Monday, 1 December 2008

Environmental and Natural Resource Management Guidelines

Motion for Disallowance

4:41 pm

Photo of Christine MilneChristine Milne (Tasmania, Australian Greens) Share this | Hansard source

I move:

That the Environmental and Natural Resource Management Guidelines in relation to the establishment of trees for the purposes of carbon sequestration, made under subsection 40-1010(3) of the Income Tax Assessment Act 1997, be disallowed.

This is an incredibly important disallowance motion and an incredibly important initiative for rural and regional Australia and for the Australian environment. The history of this tax amendment, which gives 100 per cent tax deductibility upfront for the planting of trees whether they be plantation monocultures or otherwise, was brought in by the Howard government by the then Treasurer, the Hon. Peter Costello, before the 2007 federal election and was deemed to be essential legislation. However, I got up in the Senate and said that, if they passed it, I would tell rural and regional Australia what they were up to. As if it were not bad enough that the coalition had introduced a managed investment scheme, they were also introducing a provision which was effectively a managed investment scheme on steroids, and rural and regional Australia were going to be significantly distressed by what the coalition were doing.

The legislation then went from essential to non-essential and we went to the federal election without it and I had assumed that that would be the end of it. So I was shocked when the Labor Party not only brought it back but brought it back through the House of Representatives in one tax bill then inserted it into another tax bill as well so that it came to the Senate in two different tax bills. Having identified it in the first tax bill, the chamber was unaware that another tax bill went through, one which was non-controversial, so the matter was not debated in the Senate even though we had grave concerns about it and had noted them.

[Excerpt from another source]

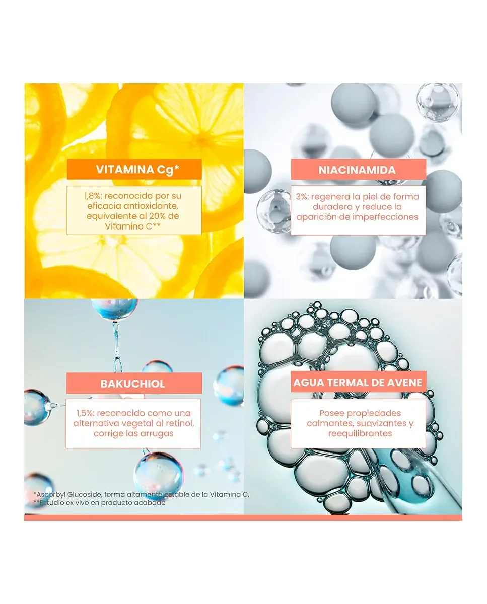Сыворотка Vitamin Act Cg от Avène - это осветляющее корректирующее средство, разработанное для чувствительной кожи. Она содержит 1,8% витамина Cg, мощного антиоксиданта; 3% ниацинамида, который помогает регенерировать кожу и уменьшать появление пигментных пятен; и 1,5% бакучиола, который действует как растительная альтернатива ретинолу для коррекции морщин. Эта сыворотка обеспечивает мгновенное сияние, оставляя кожу сияющей с первого применения. При регулярном использовании заметно, что уже через 15 дней кожа разглаживается и наполняется на 95%, а через месяц уменьшаются пигментные пятна. Она содержит 94% ингредиентов природного происхождения и не включает ингредиенты животного происхождения. Продукт представлен в стеклянной бутылочке с пипеткой для удобного применения. Его преимущества включают коррекцию морщин, уменьшение темных пятен и выравнивание тона кожи.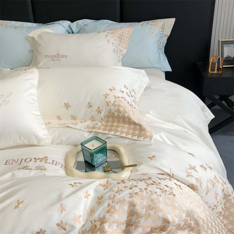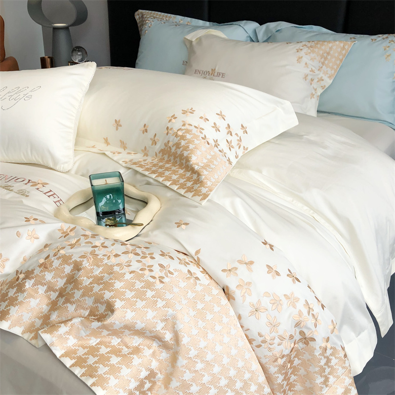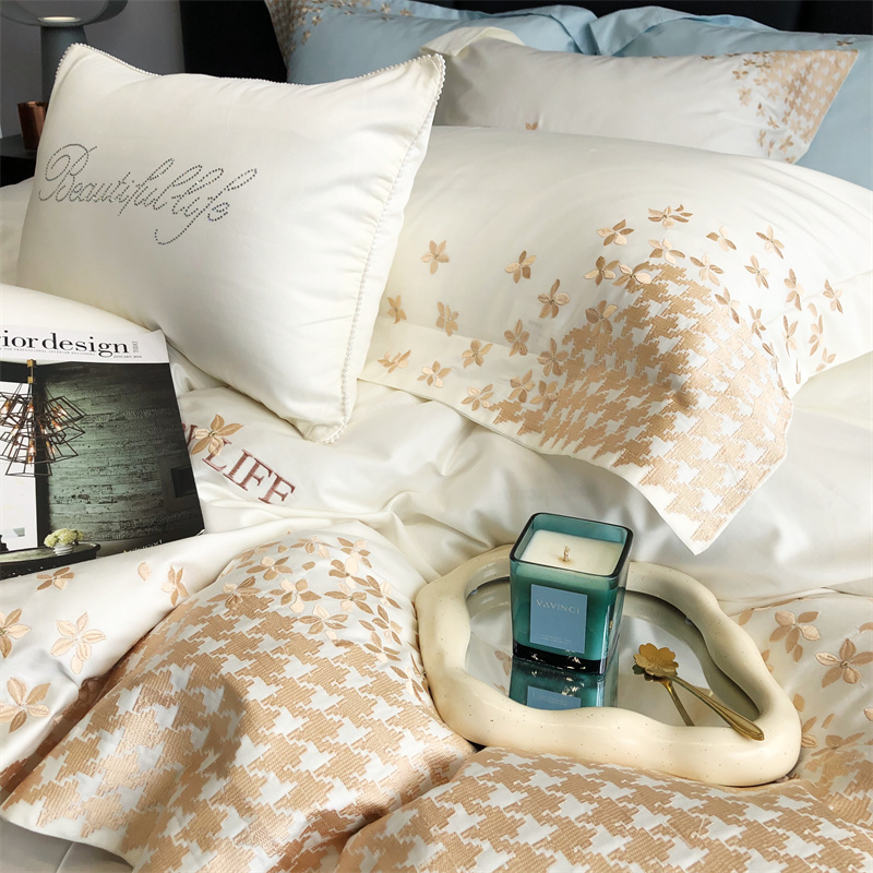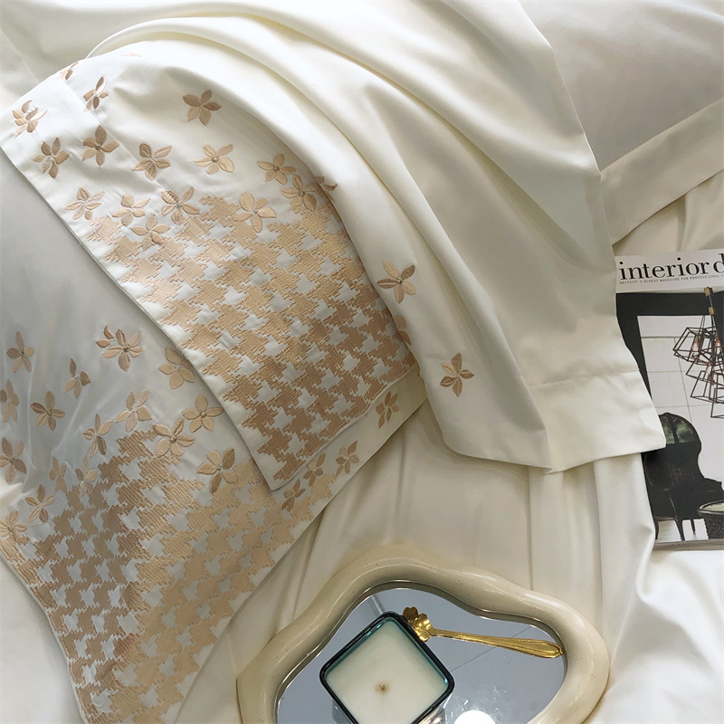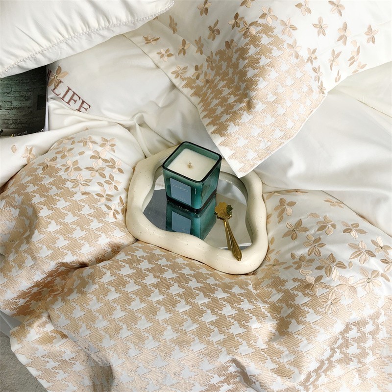 商品名称:馨蕊2023新款100支CR工艺全棉系列四件套-棉千鸟格 棉千鸟格-月光白

Now the operation of that legislation to give that tax deduction is contingent upon guidelines being struck by the federal minister. In fact the legislation makes it clear that, for people to be eligible for the 100 per cent tax deduction upfront, the taxpayers must be carrying on a business and the carbon sink forest must meet environment and natural resource management guidelines. Therefore the effect of disallowing these guidelines is to make the legislation null and void—that is, inoperative, because nobody would be able to get a tax deduction as they would not be able to comply because the guidelines would be non-existent. This is critical not only because the legislation needs to go but also because the guidelines themselves are so poor. I will get to why they are so poor shortly.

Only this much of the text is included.